This is where blacks live; this is where whites live. By the way, they separated whites and Jews. And Jews had their own section of Baltimore as well. I mean, this was very official policy. It became federal policy in the redlining efforts of the federal government in the 1930s and ’40s. And it became essentially the policy of the federal government to designate communities by their racial makeups and to allocate resources accordingly. And that’s essentially what redlining was. And then we had racially restrictive covenants, which were basically private practices by realtors and others to designate certain types of, or certain lots and houses as to be owned only in perpetuity, meaning for the future of mankind, by white people and specifically not others. Including Jews, by the way, in many cases in Baltimore. So there’s a very colorful history of all of these practices, racial zoning, redlining, racially restrictive covenants.

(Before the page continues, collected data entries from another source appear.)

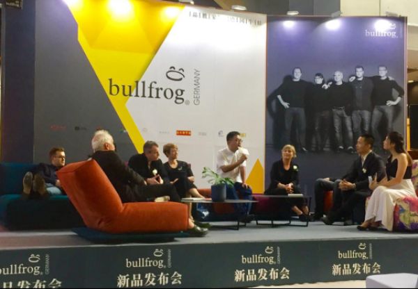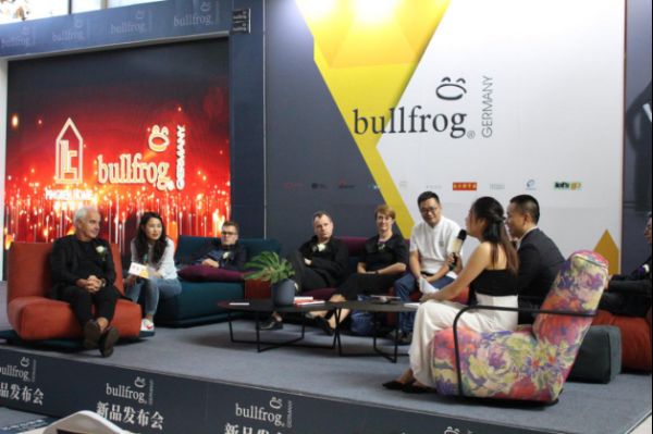 接着,广州品胜家居创始人黄春林,德国牛蛙创始人兼艺术总监Kute beire,德国牛蛙市场销售总监Yang(李小龙),德国牛蛙色彩搭配师Kati wicht,德国牛蛙资深结构设计师汉斯以及中国原创设计品牌-禅意美学家居-自在工坊创始人张军先生等人上台共同参与论坛互动,就牛蛙沙发的设计灵感跟规划,当下流行的趋势以及中西方文化差异如何很好结合运用的交流碰撞。
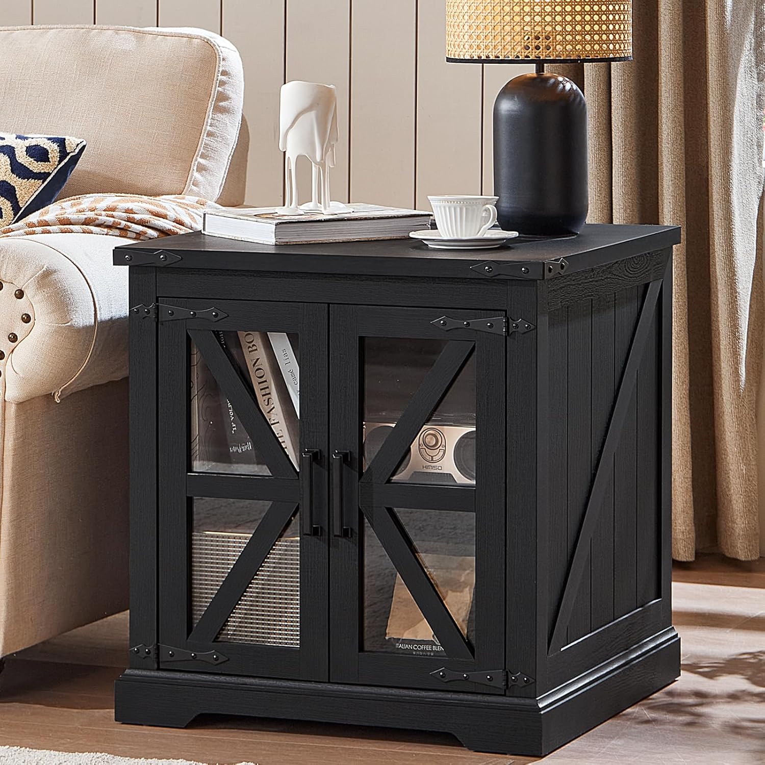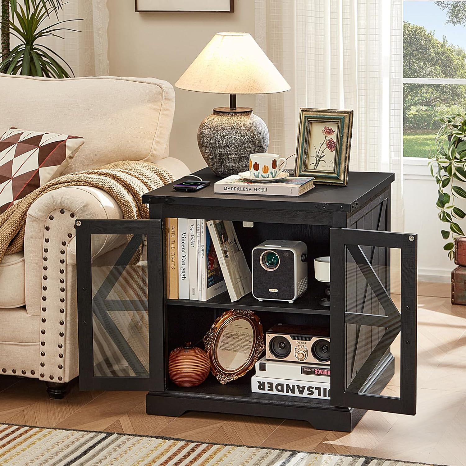- π‘[Farmhouse-Style end Table with Charging Station]This large end tables with generous storage is a perfect fusion of farmhouse and industrial metal styles. The exquisite barn-style tempered glass doors and the black metal corner accents add an elegant touch to the cabinet body, making it visually captivating from any angle.
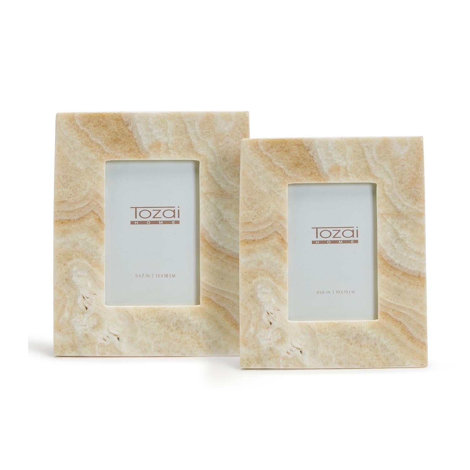 Picture frames should be sophisticated and artful like these natural onyx designs. These genuine onyx frames make for a textured addition to any stone. As with natural onyx, each piece will have variances in color and pattern; no two will be exactly alike.
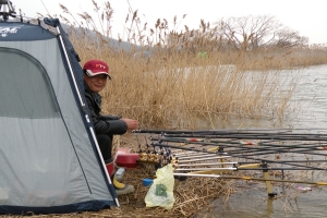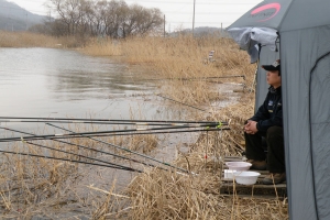 | 바람막이를 좌대에 설치해서 낚시가 편해졌어요. |
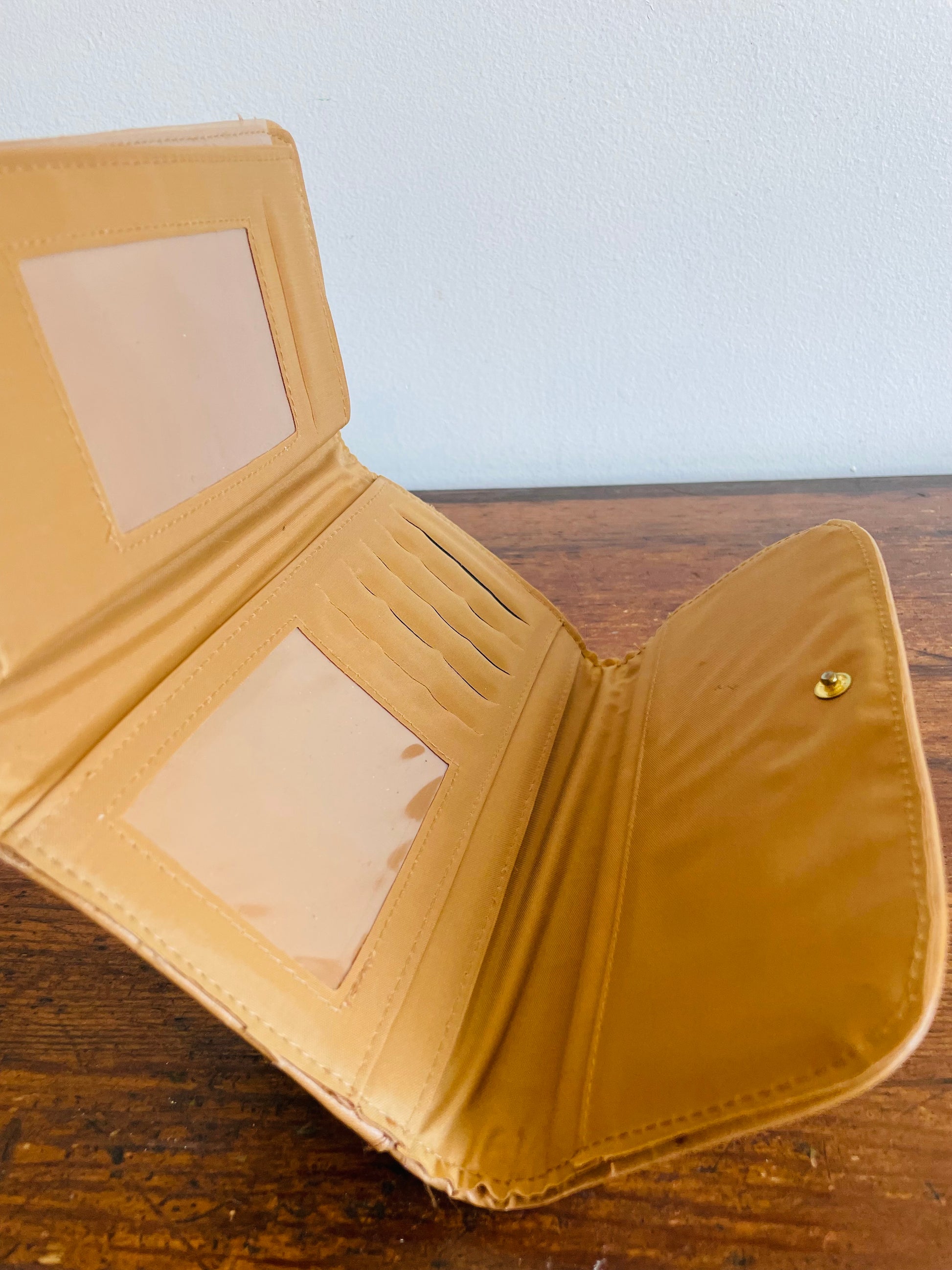 Features: External coin purse on back which snaps to open and close. Front snaps open and closed and unfolds to reveal long pockets, a carbon checkbook divider, and spaces for cards to be inserted.

That’s been well documented. Richard Rothstein wrote a good book about it called The Color of Law. When we say structure, we’re talking about place primarily because it shapes so many other things. It shapes access to parks, access to transportation, access to jobs, access to infrastructure like sidewalks and potable water. And as I mentioned earlier, broadband. So when we say that these determinants are structural, it means that they’re built into the fabric of our society and our institutions. Schools is another great example, is how we fund schools is based on local property taxes. Which means that low-income communities are going to have low-funded schools, and we sort of shrug our shoulders and say, well, that’s the way the cookie crumbles. Well, that has profound health consequences on people’s lives, and it shapes the life trajectories of whole populations of people. And by the way, it brings down the overall health status of the entire country.
Carol Vassar, podcast host/producer:
We know that there’s a history of this. We know that it is not isolated to any one portion of the country, seemingly across the nation, The United States. At The California Endowment, you’ve been working on ways to even the playing field. What have you done? What have you found? What research will give us hope here?

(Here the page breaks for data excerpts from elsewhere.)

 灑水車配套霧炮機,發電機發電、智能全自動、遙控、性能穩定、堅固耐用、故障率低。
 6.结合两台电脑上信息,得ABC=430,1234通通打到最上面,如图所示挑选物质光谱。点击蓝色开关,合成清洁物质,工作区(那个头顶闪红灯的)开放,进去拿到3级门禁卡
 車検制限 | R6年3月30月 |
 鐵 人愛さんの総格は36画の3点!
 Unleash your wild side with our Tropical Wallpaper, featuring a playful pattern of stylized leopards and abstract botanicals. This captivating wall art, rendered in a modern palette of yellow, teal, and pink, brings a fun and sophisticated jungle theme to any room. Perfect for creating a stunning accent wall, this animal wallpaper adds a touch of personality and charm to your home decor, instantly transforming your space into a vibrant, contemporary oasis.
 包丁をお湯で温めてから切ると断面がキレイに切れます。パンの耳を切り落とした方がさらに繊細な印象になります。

Dr. Tony Iton, The California Endowment:
Well, I’ll tell you, Carol, it comes down to, and I’m a simple-minded person. I like solutions that make sense that you can communicate to people and they know what they’re doing on any given day of the week. So what we talk about in our work is called ABC, and these are the fundamentals of health equity. And A stands for “agency.” Agency is essentially power. It’s the ability to have some control in your life over what’s happening to you. And the challenge in many of these communities is that they’ve been stripped of power. This is why we say it’s political. It’s not purely political, but its manifestations are primarily political. It’s also social, it’s economic. People feel powerless. And when you feel powerless, you get stressed. And when you get stressed, your health gets bad. So the example I like to use for people is like, if I give you two tennis balls and I say juggle them, you laugh at me, and you go ahead and you juggle them. And then I toss you a third one, and well, now you’re not laughing so much, and many people are going to struggle to juggle three tennis balls.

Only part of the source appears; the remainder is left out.